**Task item:** Please restate each line of the data below exactly. Omit all images.

*** The data ***

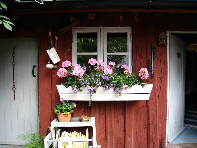 Keywords: building red summer the bloom box window flowers pink table white door
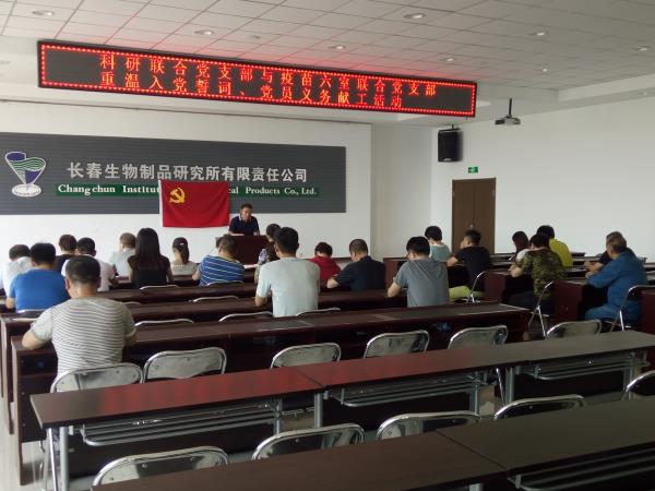 为纪念中国共产党成立96周年,教育党员不忘初衷、继续前进,在长春公司改革发展中多做贡献,2017年7月11日下午,长春公司科研联合党支部与疫苗六室联合党支部开展了“重温入党誓词、党员义务献工”活动,科研联合党支部与疫苗六室联合党支部党员、积极分子参加了活动。
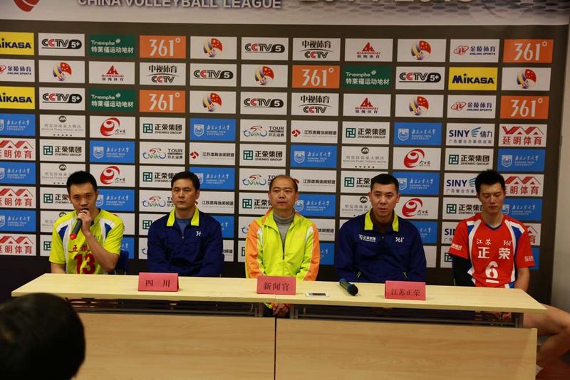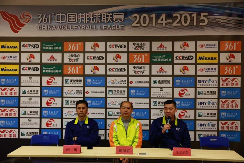361°中国男子排球联赛(2014-2015)第二阶段第十一轮第62场江苏正荣男排主场迎战四川男排的比赛在太阳成集团tyc234cc体育馆如期举行,双方经过紧张激烈的争夺,江苏正荣以3:1的比分战胜四川男排。赛后双方主教练和队长对比赛分别进行了点评。
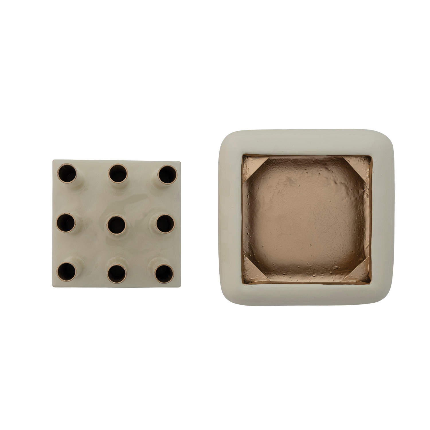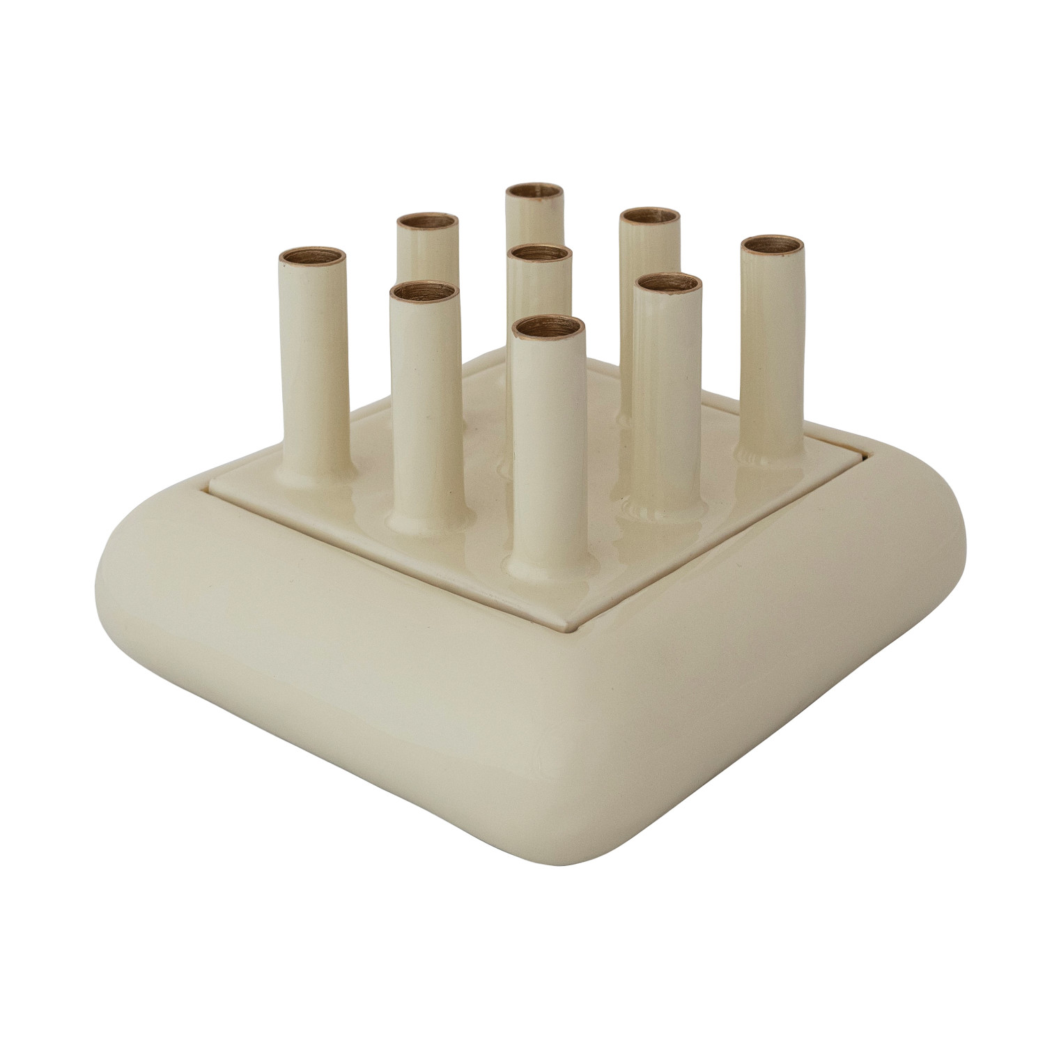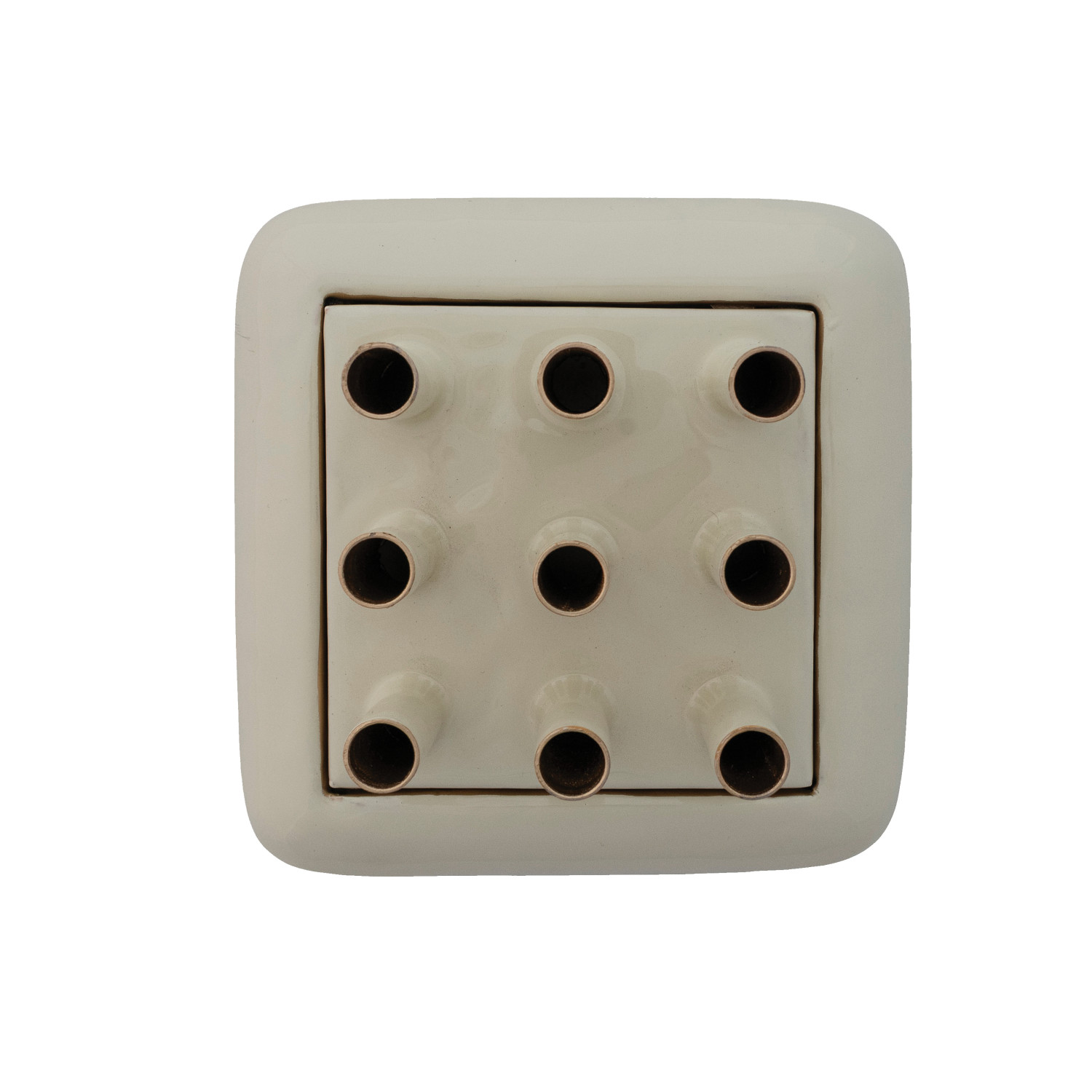 Catalog Name: 8-1/4" Square x 5-3/4"H Enameled Metal Multi-Stem Flower Vase w/ Removable Frog Lid & 9 Openings, Cream Color

***

**Answer to this task:**
 Keywords: building red summer the bloom box window flowers pink table white door
 为纪念中国共产党成立96周年,教育党员不忘初衷、继续前进,在长春公司改革发展中多做贡献,2017年7月11日下午,长春公司科研联合党支部与疫苗六室联合党支部开展了“重温入党誓词、党员义务献工”活动,科研联合党支部与疫苗六室联合党支部党员、积极分子参加了活动。
361°中国男子排球联赛(2014-2015)第二阶段第十一轮第62场江苏正荣男排主场迎战四川男排的比赛在太阳成集团tyc234cc体育馆如期举行,双方经过紧张激烈的争夺,江苏正荣以3:1的比分战胜四川男排。赛后双方主教练和队长对比赛分别进行了点评。
 Catalog Name: 8-1/4" Square x 5-3/4"H Enameled Metal Multi-Stem Flower Vase w/ Removable Frog Lid & 9 Openings, Cream Color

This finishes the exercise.